We indeed think that you found a bug here. Hopefully this will not have had too much impact on the communities computed with our algorithm so far (even if there might be some side effects as you mention, this may not have affected the greedy choice made by the algorithm too significantly...)
We would hence really appreciate your pull request with this change. Please do not hesitate to open other issues if you find some other strange behaviors here, we probably made some mistakes at some other places!
And once again thank you for your contribution. Anthony
Hey Anthony, thanks for your answer. I will open a PR soon, but am a bit busy right now, so I might take one more week ;)
Hello Nicolas Dugué and Anthony Perez,
first of all thanks for making this great project open source, it really helps to understand the inner workings of the Louvain algorithm.

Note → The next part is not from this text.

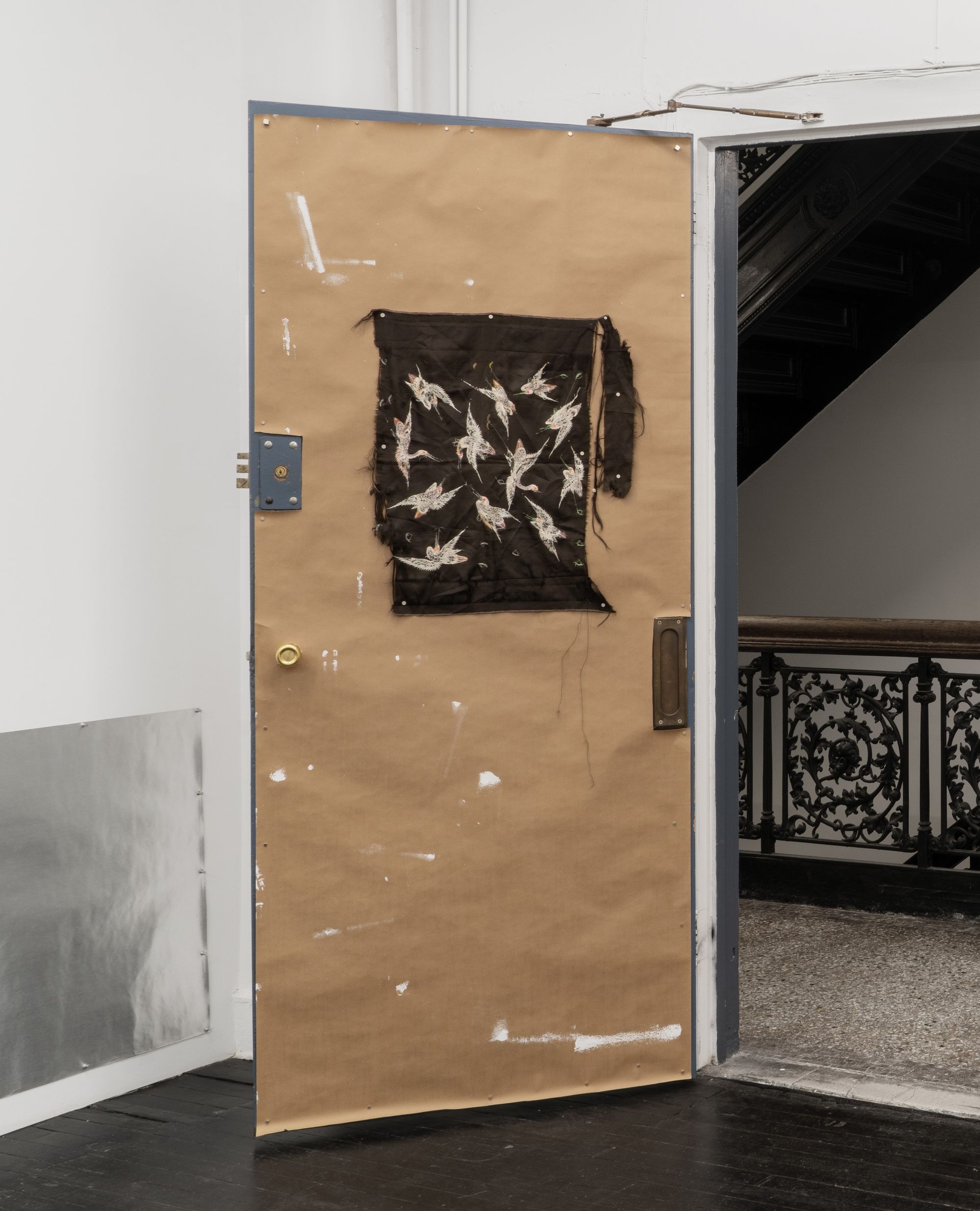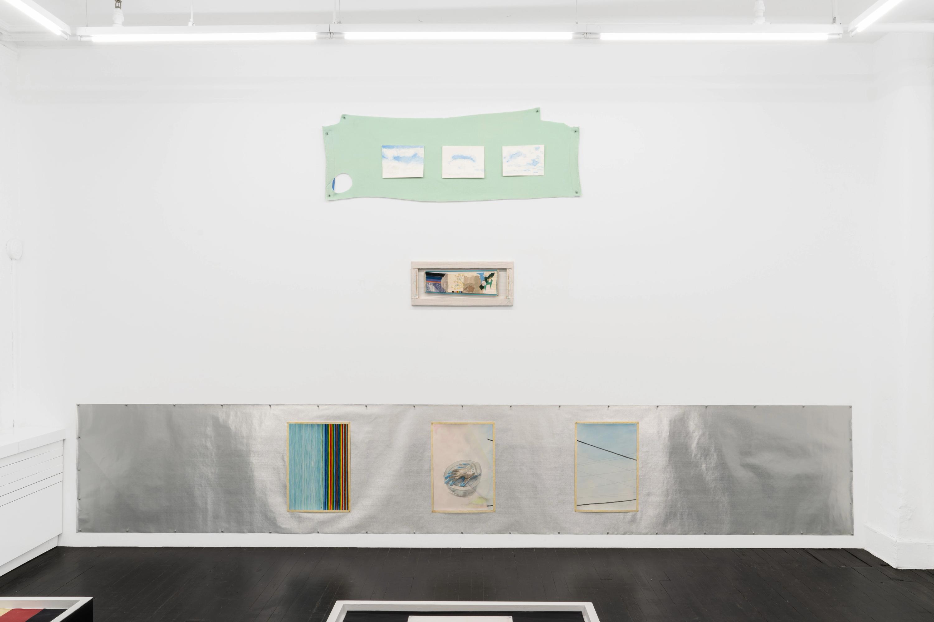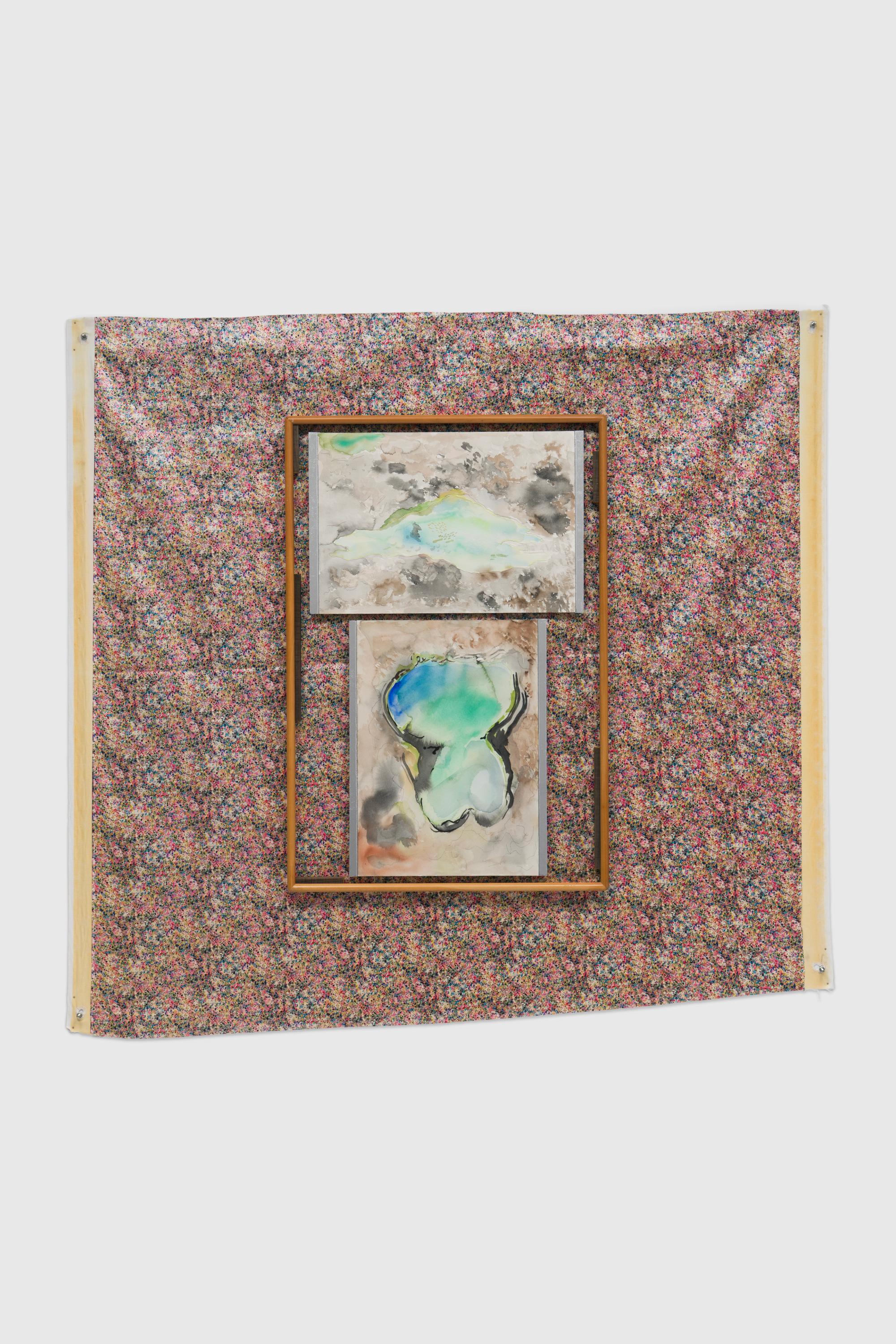 In her ongoing practice, Woo Kaufman makes garments from deadstock textiles sourced from jobbers and ragpickers. A jobber in Paris sold her a section of fabric (silk applied to canvas) that he attributed to Dior, which the artist has incorporated within a new artwork, Untitled (ʻAnaehoʻomalu fishponds, Kuʻualiʻi and Kahapapa) (2024–2025). Nailed to a wall in the gallery, the yardage forms the ground for a layered collage, with two watercolors on paper taped to the glass within a large, found open-back frame. The watercolors, which depict preserved fishponds the artist visited north of Kona in Hawai‘i, appear to float over the surface of the silk. Once used to harvest fish for kings, these ponds formed part of the larger land-tenure system known as ahupua‘a, which centered on access to stream waters. Today a Marriott hotel development envelops them, and Native Hawaiian stewards protect the ponds.

I just tried to put in one undirected graph into the C++ Louvain implementation by Blondel et al. (see the "newversion" tab on the left side of that website) and then the same graph into your directed Louvain algorithm. However, the initial modularity value $Q$ differs between the original Louvain and your directed Louvain implementation. While this may not be a big problem as the greedy optimization only needs to compare relative modularity values, it still might have some unwanted side effects.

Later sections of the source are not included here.